REQUIRED WORK:
Starting at the line below with "A Polícia Militar" and stopping at the line with "4. 정부24 모바일", please print each line exactly, those two included, and skip every picture.
### EXTRACTED RECORDS
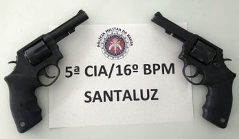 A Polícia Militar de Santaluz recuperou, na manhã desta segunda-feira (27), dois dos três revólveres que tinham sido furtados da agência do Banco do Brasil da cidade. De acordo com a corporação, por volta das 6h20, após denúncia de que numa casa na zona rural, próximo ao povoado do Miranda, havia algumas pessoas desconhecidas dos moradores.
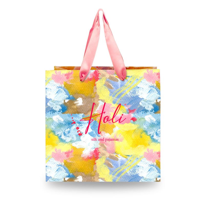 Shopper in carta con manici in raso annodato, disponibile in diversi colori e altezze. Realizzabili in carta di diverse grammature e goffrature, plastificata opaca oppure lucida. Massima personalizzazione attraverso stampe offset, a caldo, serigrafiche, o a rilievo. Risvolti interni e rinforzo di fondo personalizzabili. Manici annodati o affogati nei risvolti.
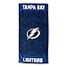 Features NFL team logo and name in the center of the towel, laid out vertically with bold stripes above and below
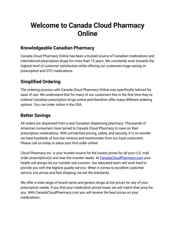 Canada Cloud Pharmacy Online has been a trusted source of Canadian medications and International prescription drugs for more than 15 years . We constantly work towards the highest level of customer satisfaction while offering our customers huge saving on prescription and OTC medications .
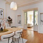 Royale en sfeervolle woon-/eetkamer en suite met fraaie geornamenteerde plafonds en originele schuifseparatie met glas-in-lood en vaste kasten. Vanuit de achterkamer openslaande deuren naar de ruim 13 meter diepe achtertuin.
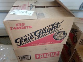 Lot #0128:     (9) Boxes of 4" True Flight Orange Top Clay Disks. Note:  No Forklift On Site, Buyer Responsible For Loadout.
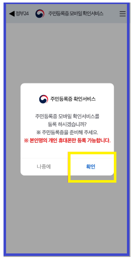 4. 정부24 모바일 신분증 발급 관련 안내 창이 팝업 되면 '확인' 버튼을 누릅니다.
######
### EXTRACTED RECORDS
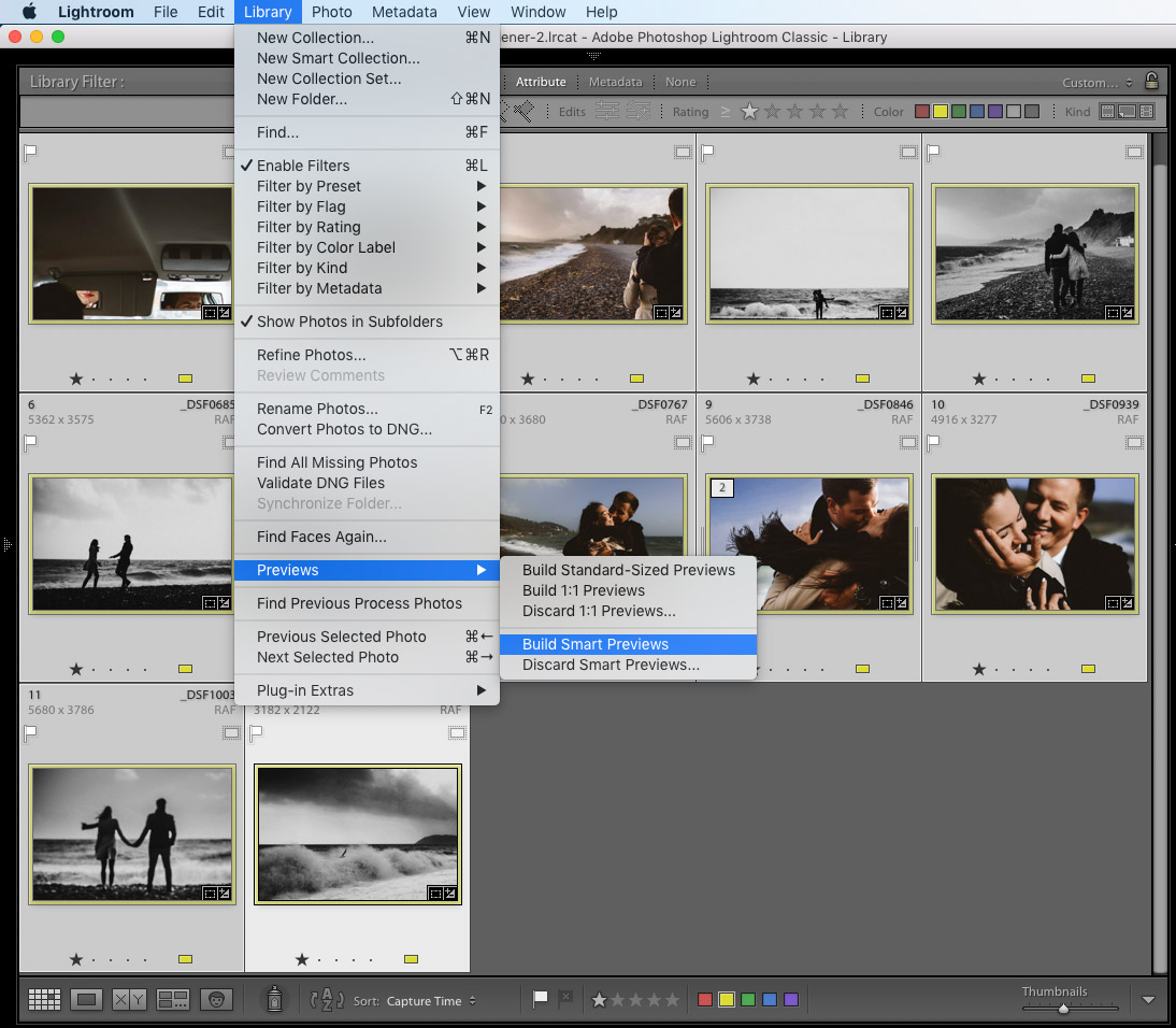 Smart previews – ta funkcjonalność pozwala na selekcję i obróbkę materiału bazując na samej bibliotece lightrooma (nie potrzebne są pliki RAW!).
######
SOLUTION TO THE EXERCISE:
 A Polícia Militar de Santaluz recuperou, na manhã desta segunda-feira (27), dois dos três revólveres que tinham sido furtados da agência do Banco do Brasil da cidade. De acordo com a corporação, por volta das 6h20, após denúncia de que numa casa na zona rural, próximo ao povoado do Miranda, havia algumas pessoas desconhecidas dos moradores.
 Shopper in carta con manici in raso annodato, disponibile in diversi colori e altezze. Realizzabili in carta di diverse grammature e goffrature, plastificata opaca oppure lucida. Massima personalizzazione attraverso stampe offset, a caldo, serigrafiche, o a rilievo. Risvolti interni e rinforzo di fondo personalizzabili. Manici annodati o affogati nei risvolti.
 Features NFL team logo and name in the center of the towel, laid out vertically with bold stripes above and below
 Canada Cloud Pharmacy Online has been a trusted source of Canadian medications and International prescription drugs for more than 15 years . We constantly work towards the highest level of customer satisfaction while offering our customers huge saving on prescription and OTC medications .
 Royale en sfeervolle woon-/eetkamer en suite met fraaie geornamenteerde plafonds en originele schuifseparatie met glas-in-lood en vaste kasten. Vanuit de achterkamer openslaande deuren naar de ruim 13 meter diepe achtertuin.
 Lot #0128:     (9) Boxes of 4" True Flight Orange Top Clay Disks. Note:  No Forklift On Site, Buyer Responsible For Loadout.
 4. 정부24 모바일 신분증 발급 관련 안내 창이 팝업 되면 '확인' 버튼을 누릅니다.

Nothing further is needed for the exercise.